Les virus, et surtout un certain coronavirus, sont au cœur de l’actualité et du quotidien de chacun depuis plus d’un an. Pourtant si le Sars-CoV-2 et nombre d'autres virus font peur, certains d'entre eux peuvent se révéler utiles. La preuve avec les virus phages ou bactériophages – de phagos = manger – qui, comme leur nom l’indique, « mangent les bactéries ». Une aptitude intéressante à l’heure de la progression de l’antibiorésistance – 5 500 décès par an en France – qui demain pourrait rendre toute chirurgie impossible. Pourtant, la découverte des phages et de leurs propriétés ne date pas d’hier…

Phagothérapie : entre microbiologie et géopolitique

C’est en 1917, au travers d’une note intitulée « Sur un microbe invisible antagoniste du bacille dysentérique », que Félix d’Hérelle, qui travaille à l’Institut Pasteur depuis 1911, révèle l’existence de virus prédateurs naturels de bactéries, baptisés « phages ». Ces virus atypiques, largement présents dans la nature ont, en effet ,des propriétés lytiques et peuvent donc détruire les membranes bactériennes, ce qui conduit à la mort des cellules. Fort de ses succès dans l’éradication de sauterelles dévastatrices, après avoir eu l’idée de pulvériser des bacilles qui leur sont naturellement néfastes, Félix d’Hérelle va multiplier les expérimentations et proposer d’utiliser les phages contre les infections bactériennes notamment humaines : le concept de la phagothérapie était né. La phagothérapie va connaître son heure de gloire dans les années 1920-1930 et ce microbiologiste voyageur créera à Paris un institut de production de phages à visée thérapeutique ; il participera à la fondation de laboratoires de recherche sur les phages en Union soviétique. Mais en pleine guerre froide, la phagothérapie devient affaire de géopolitique. Alors que la révolution de la pénicilline déferle sur l’Occident, les pays de l’Est, cloîtrés derrière le rideau de fer et donc privés d’antibiotiques, vont poursuivre leurs travaux sur les phages.

Routine ou cas cliniques

Cette expertise des pays d’Europe de l’Est persiste.
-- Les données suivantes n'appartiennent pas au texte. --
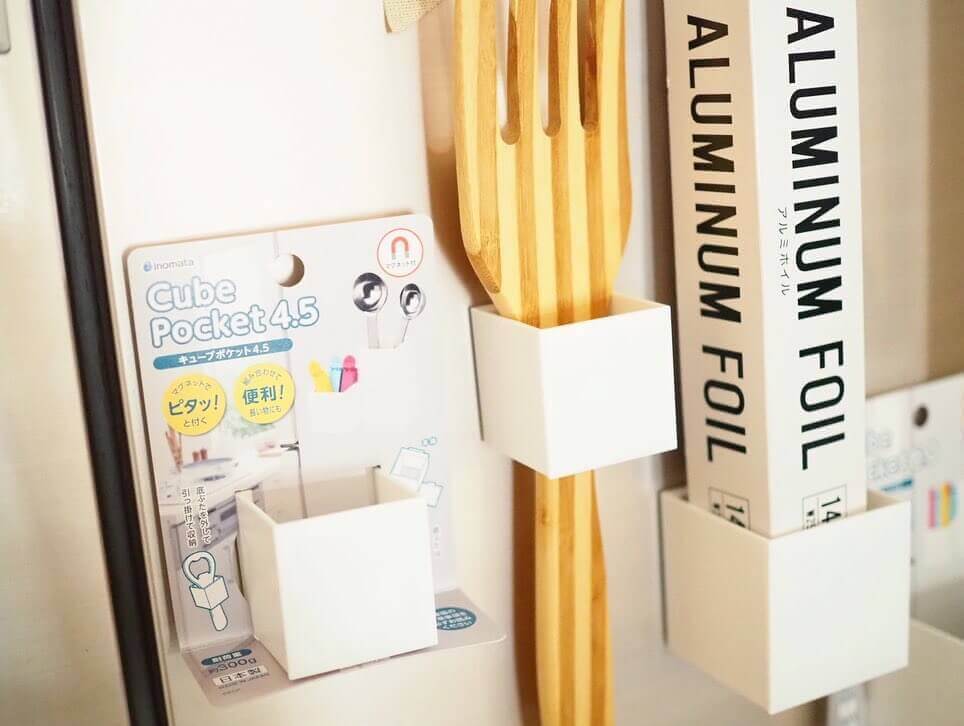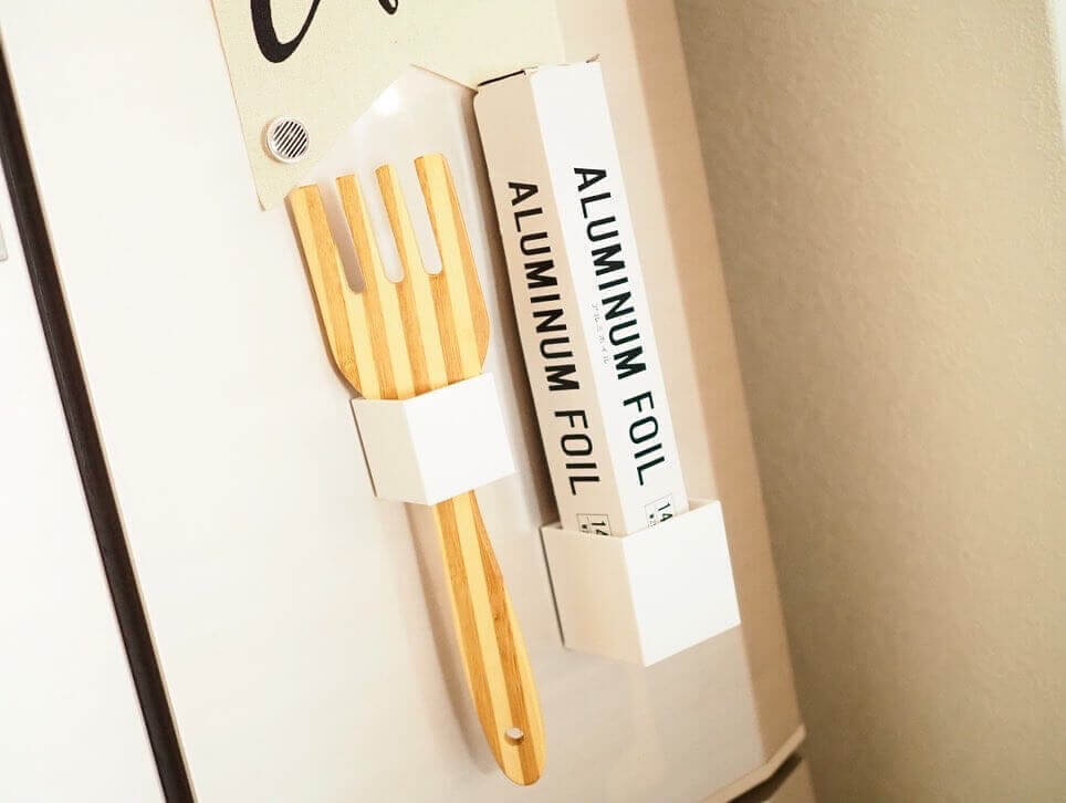 背中側にマグネットが付いているので、冷蔵庫など磁石がくっつく場所にワンタッチで取り付けられるのが便利!
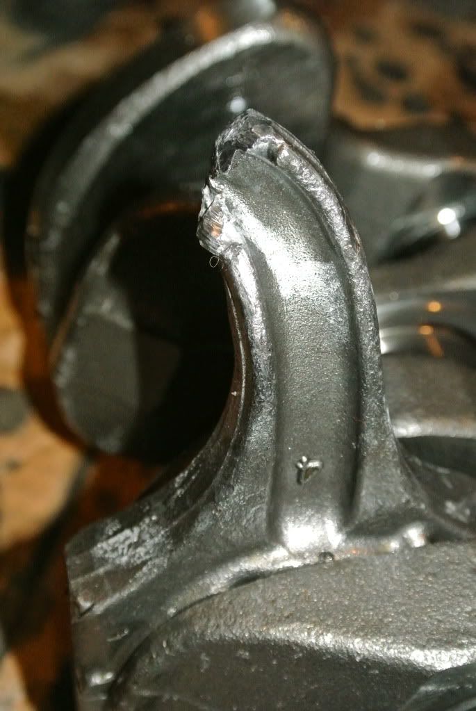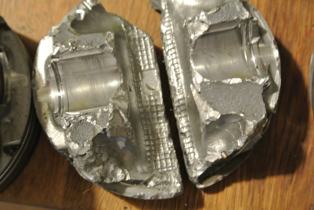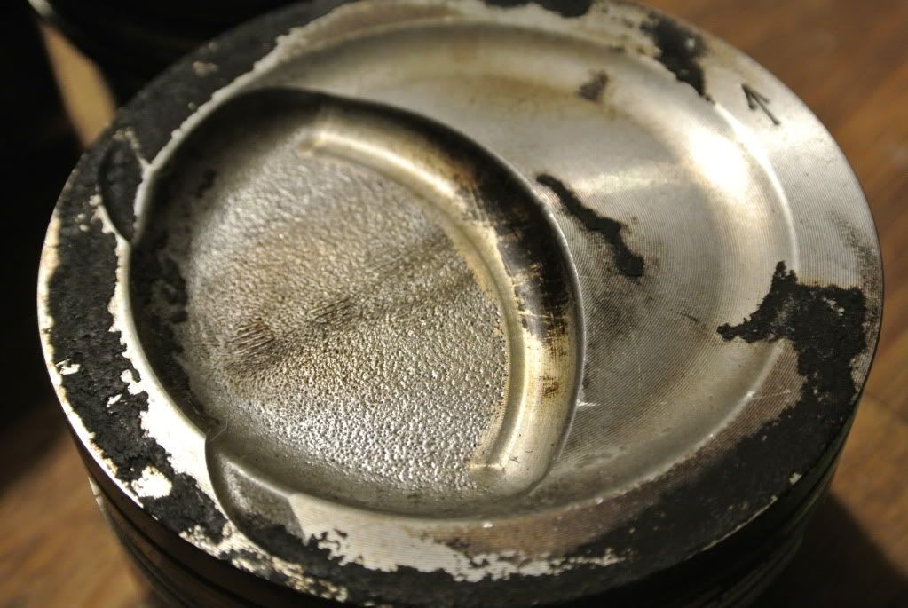 | Not Ranked : 0 score I would say the piston just looks like it got fucked by the rod. Plenty of impact marks on the bottom and at one point after the rod had snapped it looks like it beat the piston till it broke in half...most likely after it beat the wrist pin out, leaving the piston to float about even rotating and getting beat some more by the rod on top. Nothing sticks out as unusual...except for the fact it's broken.
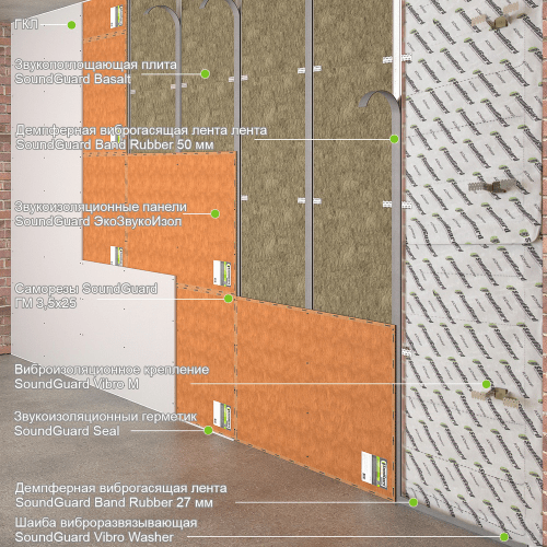Готовый набор ВСЕХ необходимых материалов для бескаркасной звукоизоляции стены.
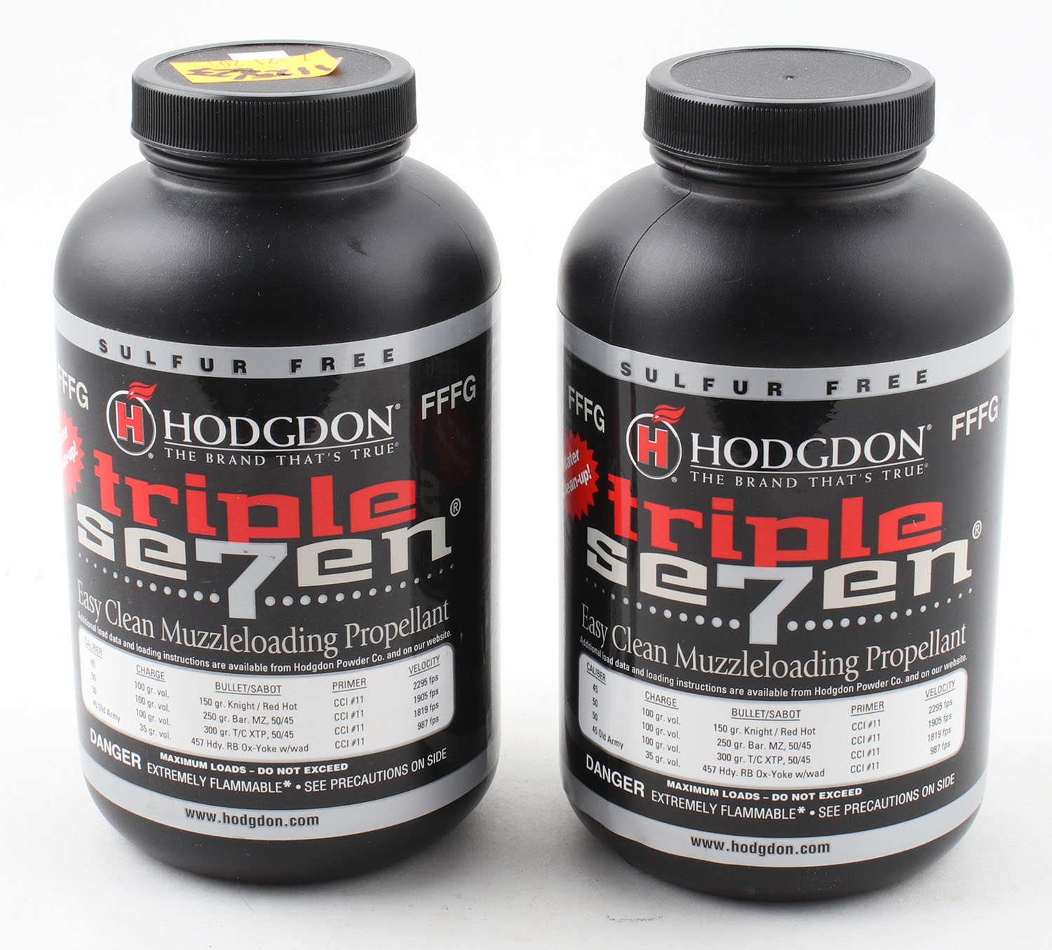 Lot of 2 Hodgdon Triple seven muzzleloading propellant, both nearly full. Grade: Excellent - Value: 30 to 90

À Tbilissi, en Géorgie, par exemple où l’Institut Eliava, du nom d’un élève de Félix d’Hérelle, accueille quelque 1 000 patients par an, notamment de nombreux étrangers dont les infections sont devenues multirésistantes aux antibiotiques. Ou encore à Wroclaw où le Centre de thérapie par les phages a acquis une réputation au-delà des frontières polonaises. Dans l’ex-Europe de l’Est, la phagothérapie reste utilisée en routine clinique et attire les patients « occidentaux » pour un tourisme médical version phagothérapie.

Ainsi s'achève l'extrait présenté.